Depuis 2020, les appels à relocaliser des productions en France se multiplient, rompant ainsi avec les discours promouvant les bienfaits d’une économie sans usine et niant l’importance du lien entre lieu de production et de lieu d’innovation.
Si certains ont été tentés de penser qu’il s’agissait d’un effet de mode lié à la pandémie, la guerre en Ukraine est venue rappeler la nécessité de reproduire en France, ou au moins en Europe, un certain nombre de biens critiques au quotidien pour se nourrir, se soigner et se déplacer.
La crise climatique pousse également à rapprocher lieu de production et lieu de consommation, mais aussi à se questionner sur nos modes de production et à rompre avec l’ère dite de « consommation de masse ».
Si le mot « relocalisation » est devenue courant dans le débat public, il convient de l’expliciter :
El Mouhoub Mouhoud en donne deux définitions :
- Au sens strict : il s’agit du retour dans le pays d’origine d’unités de production, d’assemblage ou de montage qui ont été délocalisées dans des pays à faibles coût salariaux.
- Au sens large : il s’agit du rapatriement des unités d’assemblage à proximité des marchés ou le ralentissement des mouvements de délocalisations dans des secteurs soumis à la concurrence des pays à bas salaires.
Cette définition laisse à penser que les productions reviendraient exactement comme elles sont parties, mais les relocalisations se font généralement avec l’appui d’une automatisation plus poussée au sein d’unités de production plus compactes et génèrent moins d’emplois que les unités précédentes. Si bien qu’il est une erreur d’opposer relocalisation et réindustrialisation et donc nécessaire de considérer le problème plus largement.
Jusqu’au début de la pandémie, les relocalisations étaient très rares, malgré de nombreuses aides à la relocalisation : crédit d’impôt en 2005, prime à la relocalisation en 2008, aide à la réindustrialisation en 2013 … Malgré tout, quelques retours emblématiques ont marqué l’opinion publique comme les skis Rossignol et les thés Kusmi Tea.
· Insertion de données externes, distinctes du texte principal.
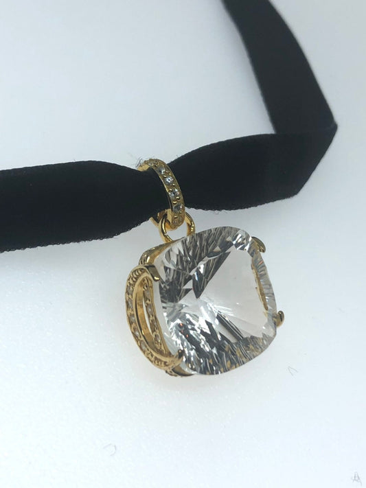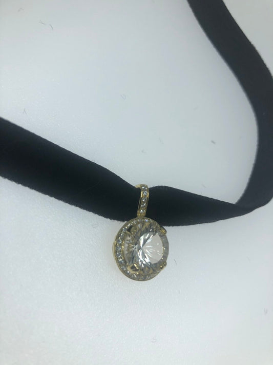 Vintage Handmade 925 Sterling Silver Rhodium White Topaz White Sapphire Pendant Choker

Sous l’effet du plan de relance, les annonces de relocalisations se multiplient dans des domaines très divers : agroalimentaire, habillement, électronique, etc. La question de la relocalisation de productions lourdes comme celle de magnésium sur le territoire devrait également se poser dans le contexte actuel.
Différentes motivations peuvent expliquer cette volonté de relocaliser :
- Sécuriser les approvisionnements,
- Meilleure maîtrise du TCO,
- Réduction des coûts cachés et meilleure maîtrise des délais de production,
- Réponse aux évolutions de la demande.
Mais d’autres entreprises font également le choix de venir localiser leur production en France alors qu’elles ne produisaient alors qu’à l’étranger pour le marché français c’est le cas par exemple avec Lunii, la boîte à histoire depuis la Chine et Le Matelas 365 depuis l’Espagne.
Le choix de localisation n’est pas une décision technique, mais bien une décision stratégique de l’entreprise et de ses dirigeants. Certaines entreprises souhaitent ainsi s’intégrer dans une démarche de circuits courts et/ou d’économie circulaire.
De quoi s’agit-il ? De l’approvisionnement aux déchets, les flux sont organisés en boucle en s’appuyant sur des principes de réutilisation, de recyclage et de réemploi pour allonger la durée de vie des produits.
Les circuits courts favorisent l’organisation directe des échanges en réduisant le nombre d’intermédiaires dans la chaîne de valeur.
Reposant sur une production locale, répondant à des besoins locaux, cette approche représente un changement de paradigme dans l’industrie.
Cette logique de circuits courts suppose un maillage territorial de petites unités de production modulaires pour s’adapter à la demande, circonscrites à leur espace de production, et une mutation des modèles économiques pour les mettre au service du bien commun.
En conclusion, la réindustrialisation peut se faire avec différentes logiques industrielles entre des projets de relocalisation avec des unités de production pour produire en masse et d’autres productions pour répondre à des besoins locaux avec des productions en petite série. Dans l’avenir, ces différents modèles seront amenés à cohabiter entre :
- Des usines à vocation continentale comme celles pour produire des semi-conducteurs, surtout dans un contexte de verticalisation et de régionalisation des chaînes de valeur,
- Des usines intermédiaires pour servir un pays ou un groupe de pays ,
- Des petites unités de production modulaires pour répondre à une demande locale.
La clé étant dans tous les cas de recréer des écosystèmes industriels, ancrés dans les territoires, et intégrant pleinement la thématique environnementale dans leur modèle.
N’oublions pas que les relocalisations sont une partie de la renaissance industrielle. S’il est vain de croire que nous allons tout relocaliser en France, ce mouvement devrait s’inscrire dans la durée pour des raisons économiques et surtout écologiques.